The reconfigured Jefferson County school board is poised to make its first big decision Thursday, likely repudiating a move by three recalled school board members and reversing a controversial decision about how to pay for a new school.

In play is what to do with $15 million left over from the 2014-15 school year and how to meet the needs of a growing neighborhood that needs a school.

Complicating matters for the state’s second largest school district: An uncertain financial forecast from the state, critical maintenance needs totaling $789 million and uneven growth patterns across the district’s 800 square miles that have some schools busting at the seams while others are losing students.

Last spring, the previous Jefferson County school board directed Jeffco Public Schools officials to use $15 million left over from the 2014-15 school year to build a new elementary school for the Candelas neighborhood in northwest Arvada.

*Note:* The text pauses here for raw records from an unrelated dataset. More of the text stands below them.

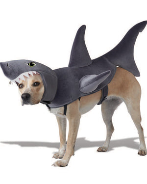 This The Great White Bark Pet Costume will have your pup looking exactly like the little land shark it is. The costume features a grey shark body that sits over your pup with elastic straps for the front legs and velcro straps to secure in place under the body, as well as a funny short character hood. The hood features shark eyes and felt teeth and sits over your pup's head with a velcro closure under the chin. Perfect for dressing up your pup alongside you for any under the sea themed event.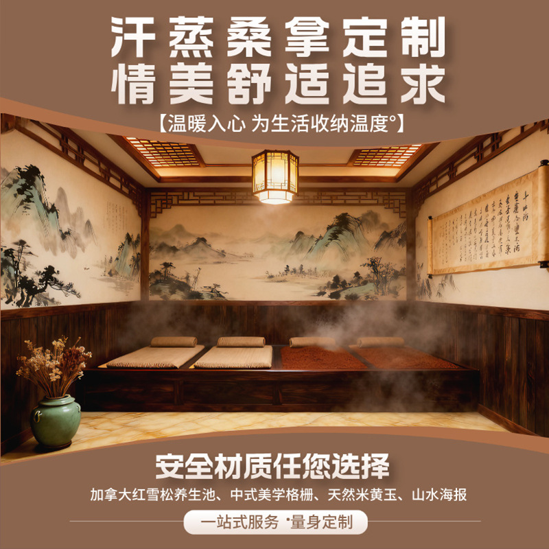 | 颜色 | 包工包料上门安装意向 | 规格 | 汗蒸区(单人/双人/多人)+养生池(1.2m×0.8m/1.8m×1.2m等)组合款;养生池可选恒温 |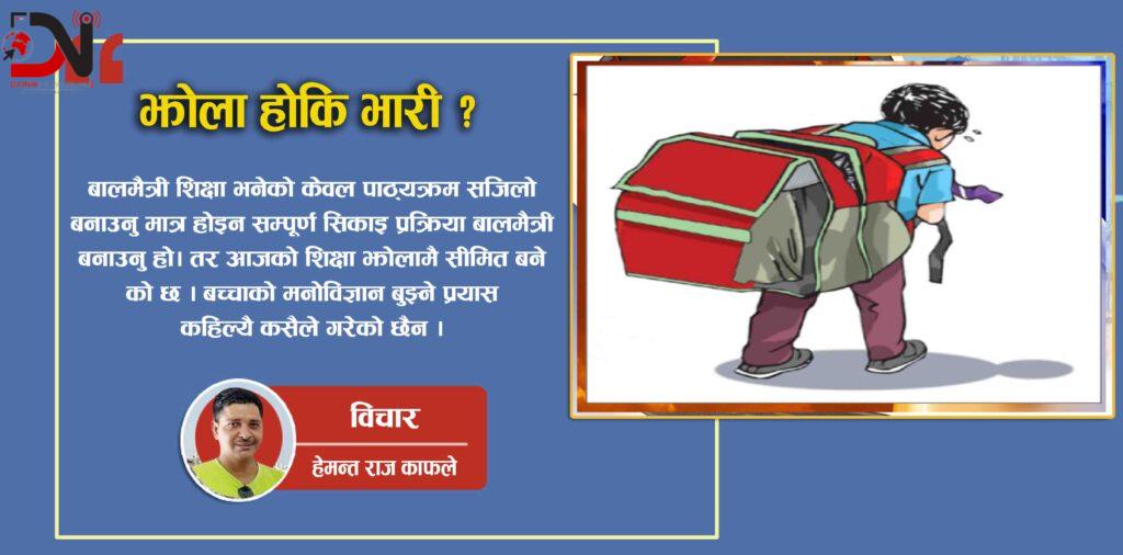 हाम्रो समाजले बालबालिकाको उज्ज्वल भविष्य निर्माण गर्न शिक्षालाई निकै महत्त्व दिएको छ । विद्यालयहरू शिक्षकहरू अभिभावकहरू र सरकारले बालबालिकाको शिक्षा र विकासमा लगानी विभिन्न प्रयासहरू गरिरहेका छन् । तर यस्तो लगानीको मूल प्रश्न हो के यो प्रक्रिया बालमैत्री छ ? के हामीले उनीहरूलाई रमाइलो सहज सिर्जनशील वातावरण दिन सकिरहेका छौँ? अहिलेको वास्तविकता हेर्दा देखिन्छ बिहान सबेरै उठ्ने ठूला झोला बोकेर स्कूल पुग्ने बालबालिकाको दैनिकीले बाल्यकाल नै तनावमा बिती रहेको हुन्छ । त्यो झोला किताब कापी र टिफिन बोक्न बनाइएको भए तापनि, वास्तविकतामा त्यो झोला उनीहरूको स्वतन्त्रता रमाइलो भावनात्मक स्वास्थ्यमाथिको बोझ बनेको छ । यति सानो उमेरमा भारी बोझ बोकाउनु न त शारीरिक विकासको दृष्टिकोणले उपयुक्त छ न त मनोवैज्ञानिक दृष्टिले न्यायोचित छ ।

That decision ran contrary to what district staff had recommended, which was to finance the new school using a lease-to-own option known as Certificates of Participation, or COPs, and earmark the $15 million for one-time bonuses and reserves.

At the time of the decision, board members Ken Witt, Julie Williams and John Newkirk said they had found a way to build a new school without incurring any new debt for the state’s second largest school district. The vote became campaign fodder for the recall.

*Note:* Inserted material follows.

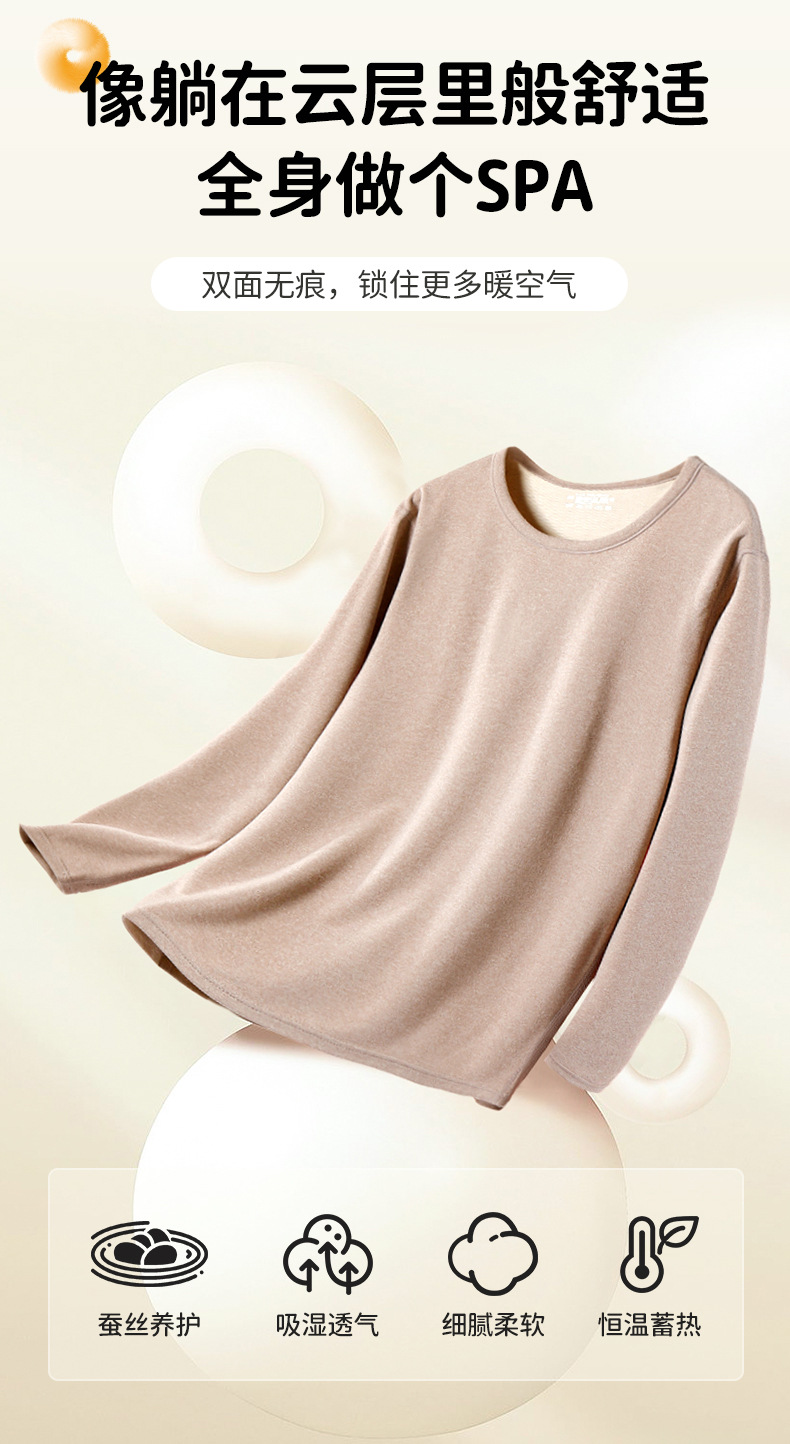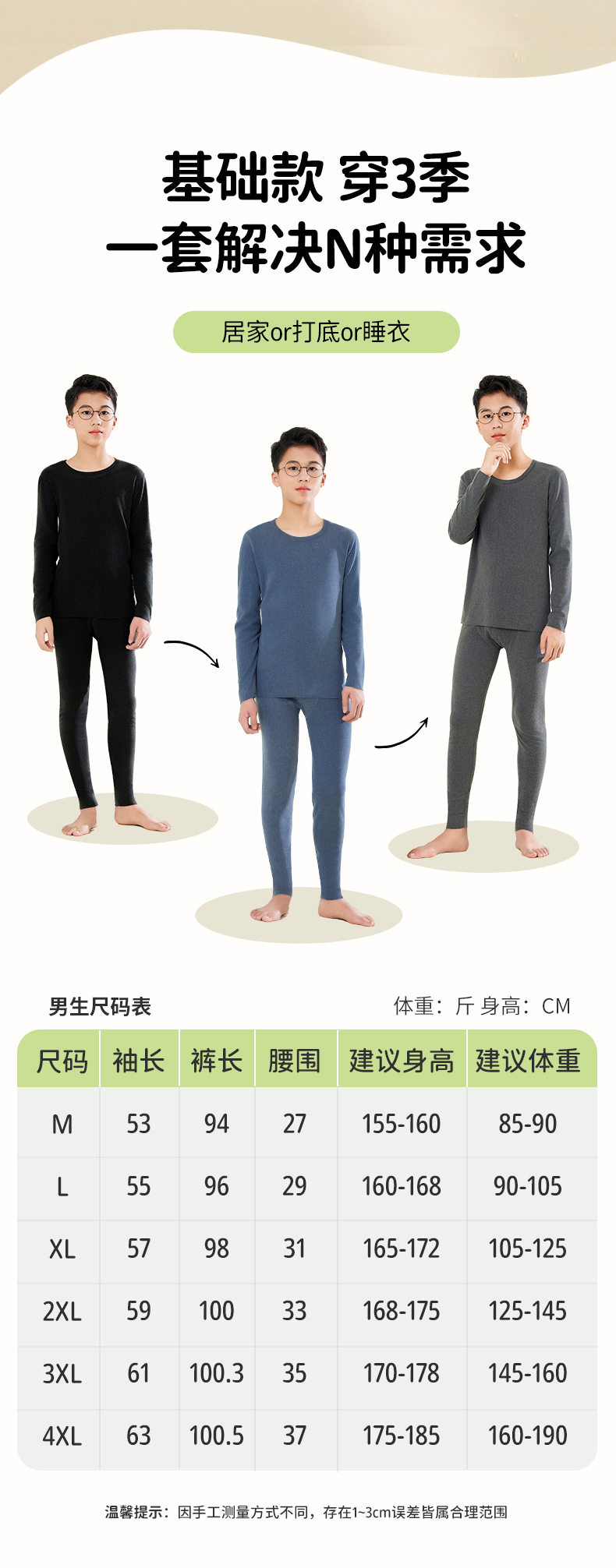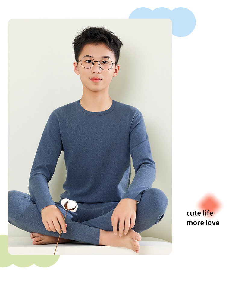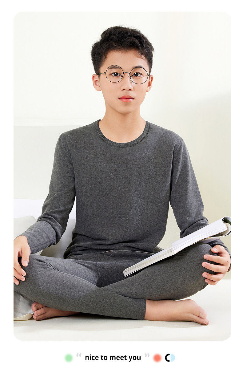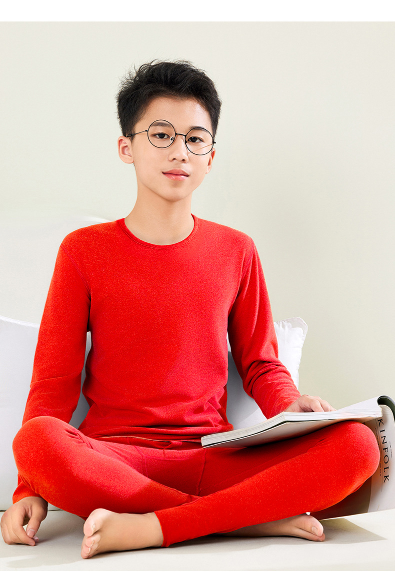 羊毛蚕丝保暖青少年羊毛蚕丝德绒秋衣秋裤套装男大童初中高中学生保暖内衣冬季

“At the time, I thought that was not a very sound decision,” said Ali Lasell, who won one of the board’s open seats in November.

But she added that she isn’t sure how she’ll vote on Thursday.

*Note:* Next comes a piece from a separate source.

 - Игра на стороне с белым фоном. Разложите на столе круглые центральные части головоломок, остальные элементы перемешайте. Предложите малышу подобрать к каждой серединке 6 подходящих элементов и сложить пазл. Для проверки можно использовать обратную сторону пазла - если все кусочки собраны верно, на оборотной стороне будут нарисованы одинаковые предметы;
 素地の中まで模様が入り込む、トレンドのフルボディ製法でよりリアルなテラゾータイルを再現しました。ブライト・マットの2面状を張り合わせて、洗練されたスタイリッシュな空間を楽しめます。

“It’s weighing on my mind heavily,” she said. “Having that $15 million might be a good way to lessen the load on the COPs. I don’t think there is a way around COPs. Fifteen million dollars isn’t even enough for an elementary school.”

Northwest growth

Few are debating whether a new school is needed in northwest Arvada. But there are questions about how many students the school should serve.

Like many school districts in the Denver-metro area, Jefferson County’s student population is growing.

District officials have said for two years that a new school would be needed to meet growth demands. They’ve suggested a K-8 school all along.

“It’s a rapidly changing area,” said Steve Bell, Jeffco’s chief operating officer.

The growth is driven by a booming economy, housing market and a birthrate that is growing for the first time since the Great Recession.

While the district’s student count is up to 86,731 students, some areas are growing while others are not.

More than 9,000 Jeffco students chose to attend district charters schools this year, up from about 8,000 last year, said Tim Reed, Jeffco’s executive director of facilities.

District-run middle schools in the north are stable, while many in the central part of the district are losing students at a quicker rate. Schools in southern Jefferson County are seeing the fewest new students and losing some.

The district considered shifting attendance boundary lines in the north and central area to accommodate the student boom, Reed said, but that would mean a 30-minute bus ride each way for some middle school students.

“On a snow day they could be on the bus for an hour and a half,” Reed said.

The new Arvada campus, regardless of the grade configuration, would be the first school the district has built from scratch since the early 2000s, Reed said.

“We’re being prudent,” he said.

The $15 million question

Given campaign rhetoric, the board is mostly likely to direct the district to use the private-market financing option to construct the new school and possibly two other projects.

If that’s the case, the $15 million previously earmarked for construction could be freed up and could serve as a down payment on those loans, got entirely into reserves, or a portion could be split among the district’s staff.

At a Dec. 17 school board meeting, Jeffco superintendent Dan McMinimee suggested about $5 million be split evenly among district staff including administrators, teachers and classified employees.

Another potential option is to give every employee a 1 percent bonus. A teacher making $50,000 would earn $500; a principal making $90,000 would earn $900.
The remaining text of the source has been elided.